File format determination library

Project description

File format determination library for Python

python version pypi version license

Getting Started

fleep is a library that determines file format by file signature (also known as “magic number”).

Installation

You can install fleep using pip. Simply run in CLI:

pip install fleep

Requirements

  • Python >= 3.0

In Use

fleep has main function get() that determines file format. It takes an array of bytes (128 bytes are enough) as an argument and returns an instance of class Info with the following arguments:

  • type -> list of suitable file types

  • extension -> list of suitable file extensions

  • mime -> list of suitable file MIME types

You may presume that first element in list will be the most suitable.
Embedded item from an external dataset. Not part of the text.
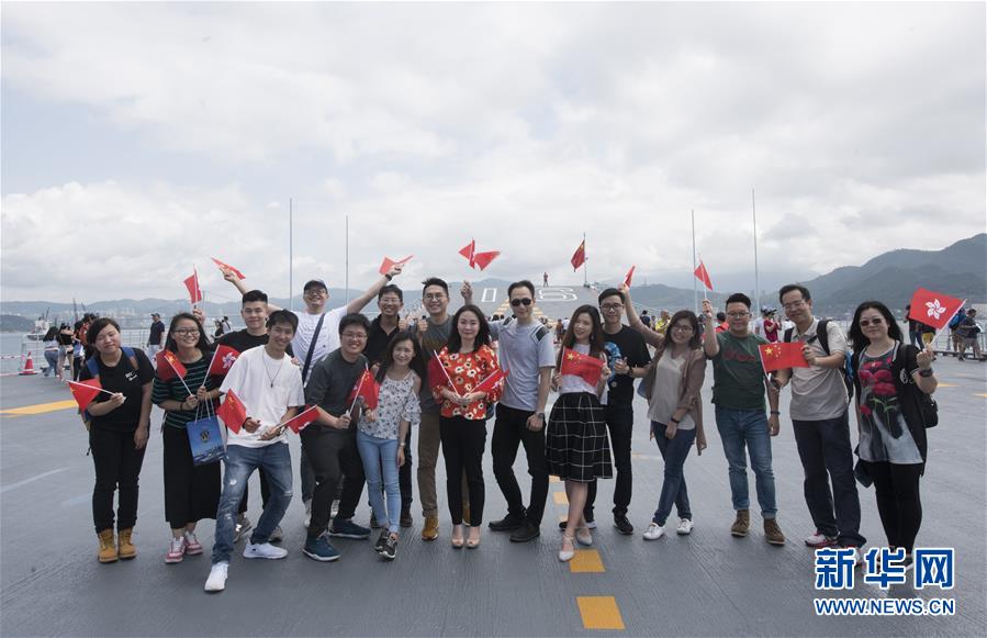 7月9日,香港市民在辽宁舰的飞行甲板上留影。
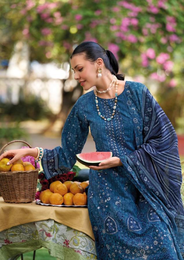 Bin saeed lawn collection vol 21 Top pure cotton print with exclusive self Embrodery aplic work Bottom semilawn Duppta pure mal cotton print with Embrodery border cutwork Rate 999 Shree fabs surat

Also an instance of class Info has the following methods:

  • type_matches() -> checks if file type matches with given type as an argument

  • extension_matches() -> checks if file extension matches with given extension as an argument

  • mime_matches() -> checks if file MIME type matches with given MIME type as an argument

Examples

import fleep


with open("testfile", "rb") as file:
    info = fleep.get(file.read(128))

print(info.type)  # prints ['image']
print(info.extension)  # prints ['png']
print(info.mime)  # prints ['image/png']

print(info.type_matches("image"))  # prints True
print(info.extension_matches("gif"))  # prints False
print(info.mime_matches("image/png"))  # prints True

Tests

You can find tests in tests folder. There are results of speedtest:

Workstation

  • Windows 10 Home x64 bit

  • Intel Pentium G4620 3.70GHz

  • Kingston DDR4-2400 4096MB x2

  • Kingston SSD 120GB

Results

Iteration

Max time (sec.)

1

0.01580

2

0.00802

3

0.00501

4

0.01591

5

0.00651

Supported Formats

There is a list of supported formats:

Image:

  • AI (Adobe Illustrator Artwork)

  • BMP (Bitmap Picture)

  • GIF (Graphics Interchange Format)

  • JPEG (Joint Photographic Experts Group)

  • JP2 (JPEG 2000)

  • PNG (Portable Network Graphics)

  • WEBP (Google Web Image)

  • ICO (Windows Icon)

  • PSD (Photoshop Document)

  • EPS (Encapsulated PostScript)

  • TIFF (Tagged Image File Format)

  • RAW (Raw Image)

  • ARW (Sony RAW)

  • X3F (Sigma RAW)

  • SRW (Samsung RAW)

  • PEF (Pentax RAW)

  • RW2 (Panasonic Lumix RAW)

  • ORF (Olympus RAW)

  • NEF (Nikon Electronic Format)

  • NRW (Nikon Coolpix RAW)

  • DNG (Adobe Digital Negative)

  • RAF (Fuji RAW)

  • ERF (Epson RAW)

  • CRW (Canon RAW)

  • CR2 (Canon RAW Version 2)

Audio:

  • AIFF (Audio Interchange File Format)

  • AAC (Advanced Audio Coding)

  • MIDI (Musical Instrument Digital Interface)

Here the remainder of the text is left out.